Source records:
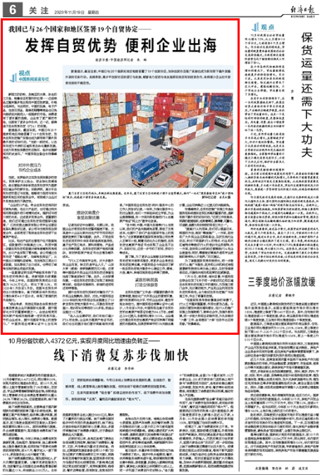数据显示,截至目前,中国已与26个国家和地区相继签署了19个自贸协定,加快自贸协定推广实施也成为新形势下稳外贸稳外资的切实行动。实践表明,高水平自贸协定的签订与实施,能够有力促进与有关国家和地区间的经贸合作,有效减少企业对外贸易投资的不确定性。
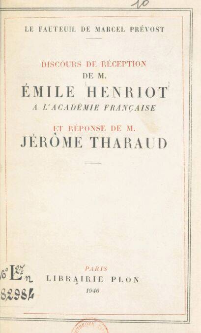 Discours de réception de M. Émile Henriot à l'Académie française et réponse de M. Jérôme Tharaud
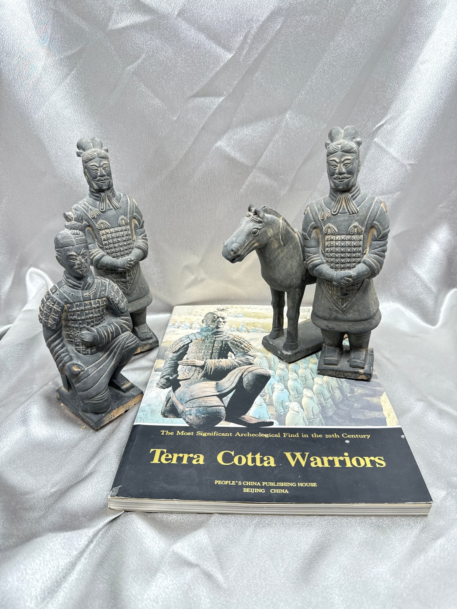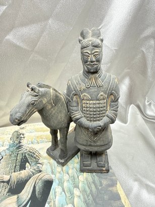 (A-70B) VINTAGE SET OF TERRACOTTA WARRIOR FIGURINES-WITH BOOKLET AS SHOWN
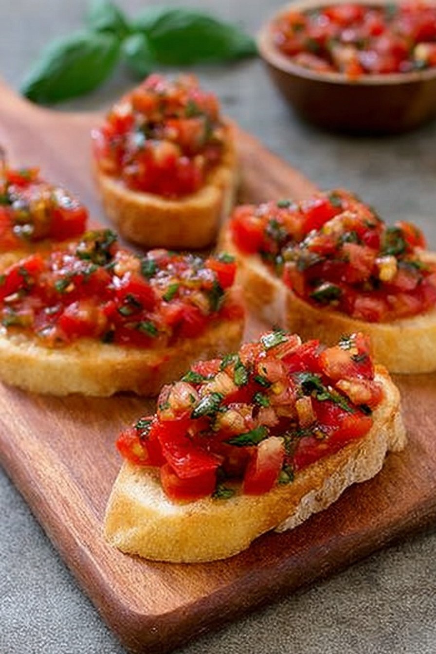 If you want to experiment, try turning this into a mushroom bruschetta recipe by sautéing mushrooms with garlic and olive oil. Alternatively, adding slices of fresh mozzarella creates a rich bruschetta recipe mozzarella variation that pairs beautifully with the tomatoes.
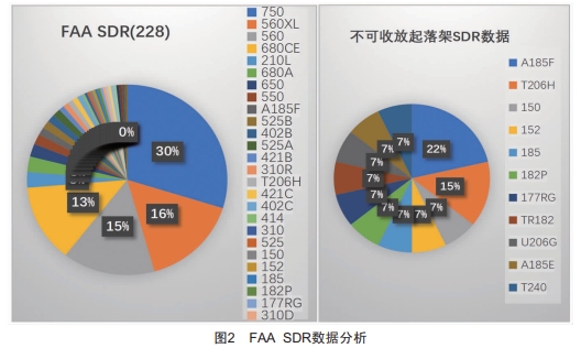 通過查詢美國聯(lián)邦航空局(Federa1AviationAdministration,簡稱FAA)航空器使用困難報(bào)告數(shù)據(jù)庫(ServiceDifficu1tyReport,簡稱SDR),收集到228條與Cessna飛機(jī)起落架系統(tǒng)有關(guān)的SDR報(bào)告,SDR故障報(bào)告日期在1995年5月至2022年7月,其中214條與可收放起落架有關(guān),14條與不可收放起落架有關(guān),數(shù)據(jù)分析如圖2所示。進(jìn)一步分析11個(gè)機(jī)型出現(xiàn)的多條不可收放起落架出現(xiàn)的故障數(shù)據(jù)發(fā)現(xiàn):4起為前起落架故障:1起為主起落架上的浮筒故障:7起主起落架故障中,有5起為主起落架與機(jī)身處的連接螺栓松動或安裝襯套損傷(其中4起明確發(fā)生在右主起落架),1起為主起落架輪軸缺乏潤滑,1起為重著陸導(dǎo)致主起落架折斷,沒有Cessna172飛機(jī)起落架的故障信息。基于美國通航業(yè)高度發(fā)達(dá)、輕型飛機(jī)飛行小時(shí)數(shù)達(dá)近百萬小時(shí)來折算,Cessna飛機(jī)裝用的兩種一體式不可收放起落架可靠性較高。
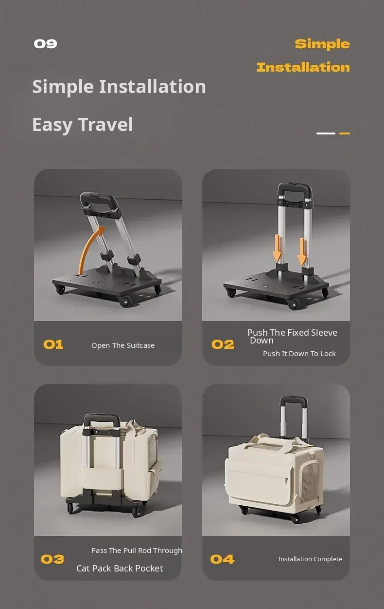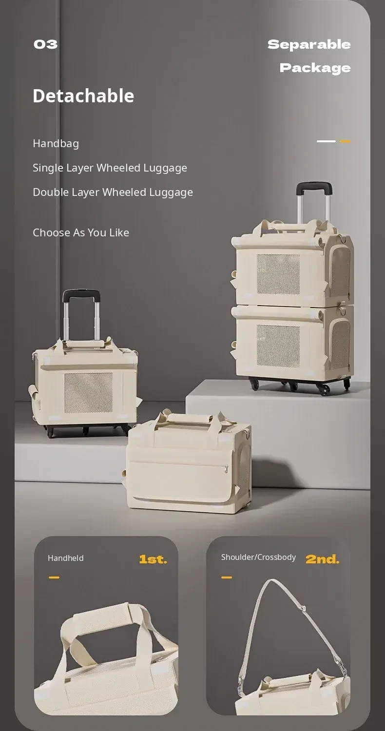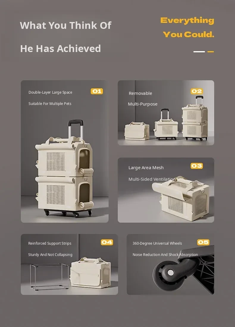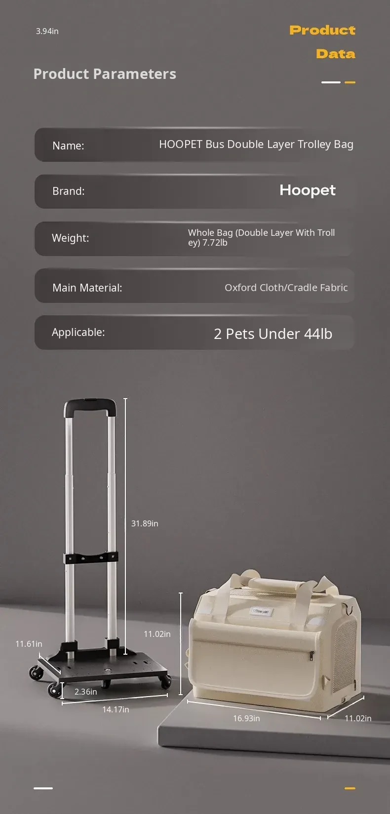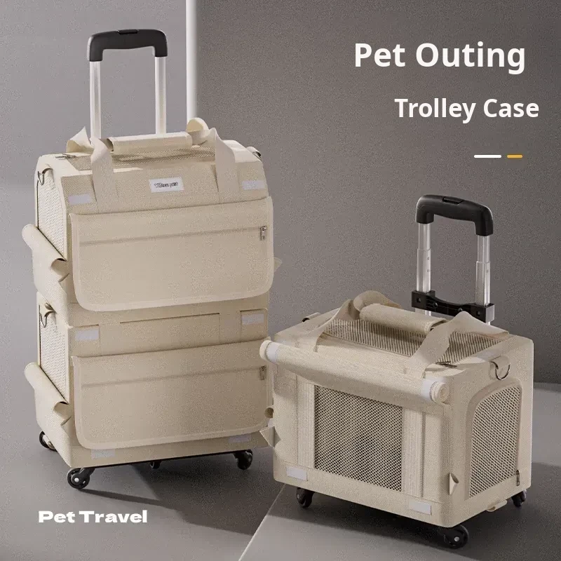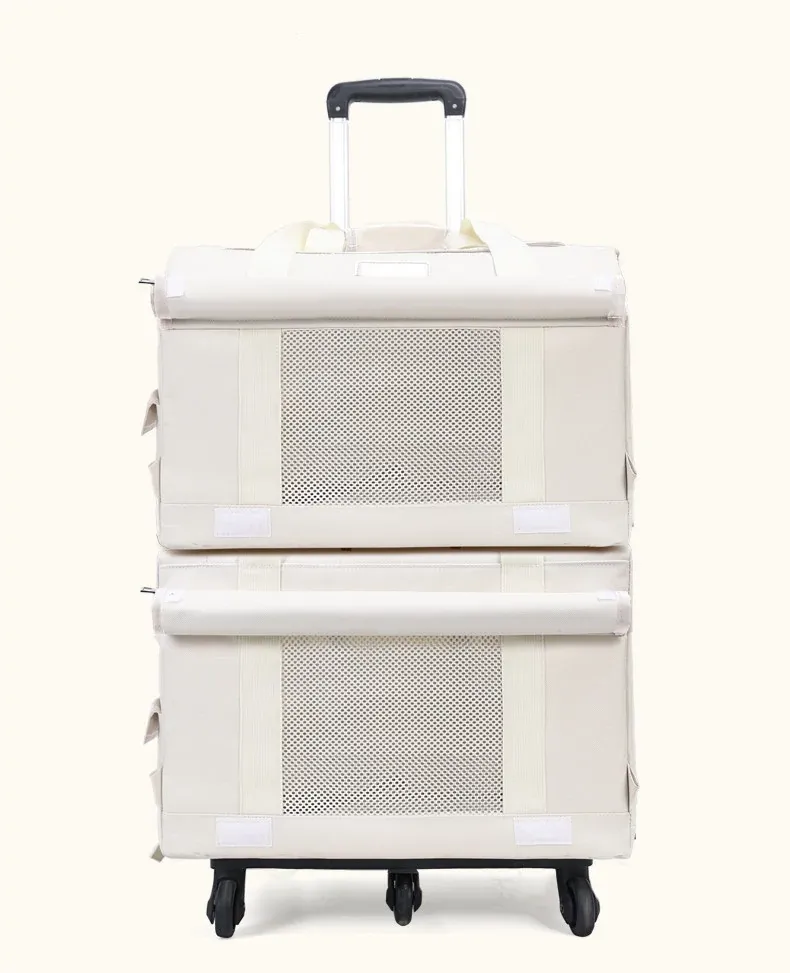 Large Double-Layer Cat Carrier Backpack - Portable Rolling Pet Luggage for Two Cats or Dogs - Ideal for Travel with Your Furry Friends!
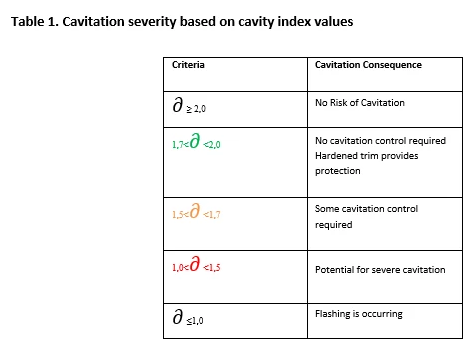 De ernst en uitbreiding van de cavitatie voor de kleppen op basis van caviteitsindexwaarden is weergegeven in tabel 1.

* **Work instructions**
Given the records above, return the lines starting at the one that holds "(A-70B) VINTAGE SET" and ending at the one that holds "If you want", exactly, and nothing besides; leave every picture out.

* **Exercise output**
 (A-70B) VINTAGE SET OF TERRACOTTA WARRIOR FIGURINES-WITH BOOKLET AS SHOWN
 If you want to experiment, try turning this into a mushroom bruschetta recipe by sautéing mushrooms with garlic and olive oil. Alternatively, adding slices of fresh mozzarella creates a rich bruschetta recipe mozzarella variation that pairs beautifully with the tomatoes.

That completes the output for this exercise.